Lead Plaintiffs allege that the Defendants employed a fraudulent scheme to improperly inflate the reimbursement payments that Amedisys received from Medicare for providing home health services to the Company’s patients, by among other things: (i) pressuring and intimidating Amedisys nurses and therapists into providing medically unnecessary treatment visits to patients for the Company to hit highly-lucrative Medicare reimbursement triggers or targets; (ii) providing false information to Medicare that misrepresented the nature and severity of its patients’ medical conditions and functional capabilities in order to obtain higher Medicare reimbursements; (iii) certifying or recertifying patients for medically unnecessary 60-day treatment episodes and certifying or recertifying patients who were no longer homebound as required by Medicare rules; and (iv) paying or otherwise improperly inducing physicians to increase the physicians’ patient referrals to Amedisys.

On June 28, 2012, the Court granted the Defendants’ motions to dismiss the action (which Plaintiffs had opposed) on loss causation grounds. On July 26, 2012, Plaintiffs moved for reconsideration of the motion to dismiss ruling and asked the Court for leave to amend their Complaint, and the Defendants opposed that motion for reconsideration on August 29, 2012. On April 9, 2013, the Court denied Plaintiffs' motion for reconsideration and to amend the Complaint. On May 3, 2013, Plaintiffs filed a Notice of Appeal with the U.S. Court of Appeals for the Fifth Circuit to appeal the Court’s dismissal of the action. 

On October 2, 2014, the three-judge panel of the U.S. Court of Appeals for the Fifth Circuit reversed the lower Court’s motion to dismiss and ordered that the case proceed. In its decision, the Court of Appeals ruled that the district court’s assessment of loss causation was incorrect, writing that the Court “erred in imposing an overly rigid rule that government investigations can never constitute a corrective disclosure in the absence of a discovery of actual fraud.” Rather, the Court of Appeals viewed Plaintiffs’ allegations of loss causation collectively, which included the resignations of key Amedisys executives, a front-page expose of Amedisys’s misconduct in The Wall Street Journal, the announcement of government investigations into Amedisys’s misconduct, and a dismal earnings report. As the Fifth Circuit wrote in its important decision, given these facts supporting loss causation, “the whole is greater than the sum of its parts.”

On April 3, 2015, Plaintiffs filed a motion to amend the Complaint, on April 8, 2015, the Court granted Plaintiffs’ motion, and on September 30, 2015, Plaintiffs filed their First Amended Consolidated Securities Class Action Complaint. Defendants moved to dismiss that Complaint on December 15, 2015, and Plaintiffs opposed those motions on January 29, 2016.

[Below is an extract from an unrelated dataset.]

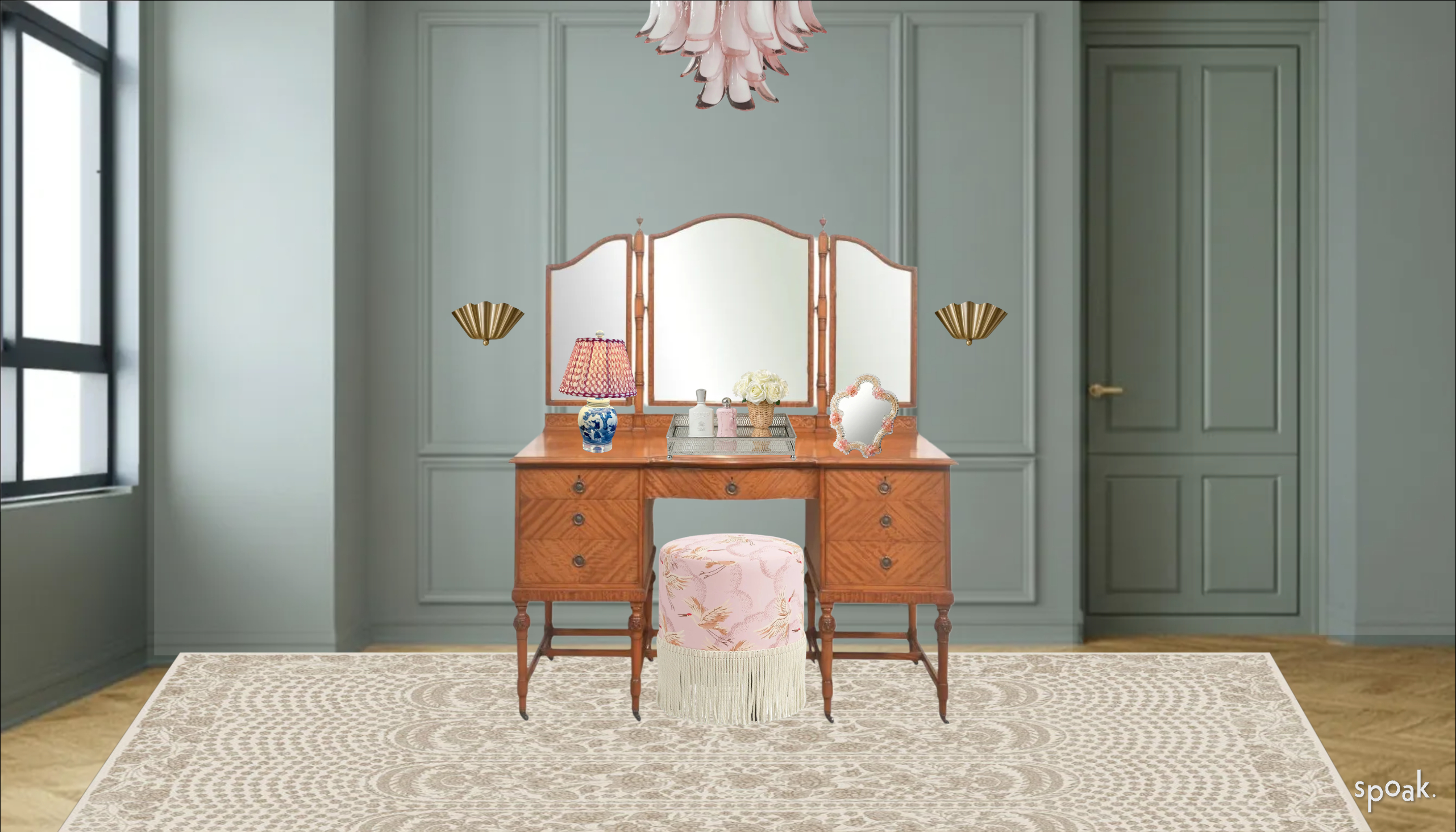photorealistic architectural editorial photography enhance physical realism only do not alter objects geometry layout materials patterns artwork or color values preserve all original design elements exactly as provided add accurate natural light behavior with soft directional window light physically correct shadows with contact shadowing at base of objects realistic light falloff and depth subtle ambient occlusion in corners and where surfaces meet enhance material realism true to life fabric texture and weave detail natural wood grain depth realistic glass transparency and refraction accurate metal reflections mirror surfaces must reflect adjacent wall and environment correctly add lens realism slight depth of field very subtle natural exposure balance soft highlight bloom fine film grain micro surface imperfections editorial photography quality similar to architectural digest maintain original composition no stylization add subtle gravity and weight to fabrics and objects natural fabric drape and realistic object grounding do not alter shape color of perfume bottles lamp or flowers

On August 19, 2016, the Court denied Defendants’ motions to dismiss in part and granted them in part.

On June 12, 2017, following a mediation before the Honorable Layn R. Phillips, a former United States District Judge, the Parties reached an agreement in principle to settle the Action for $43,750,000. On August 4, 2017, the Parties entered into a Stipulation and Agreement of Settlement (the “Stipulation”). On December 20, 2017, following a hearing, the Court approved the Settlement as fair, reasonable and adequate and approved the Plan of Allocation for the proceeds of the Settlement.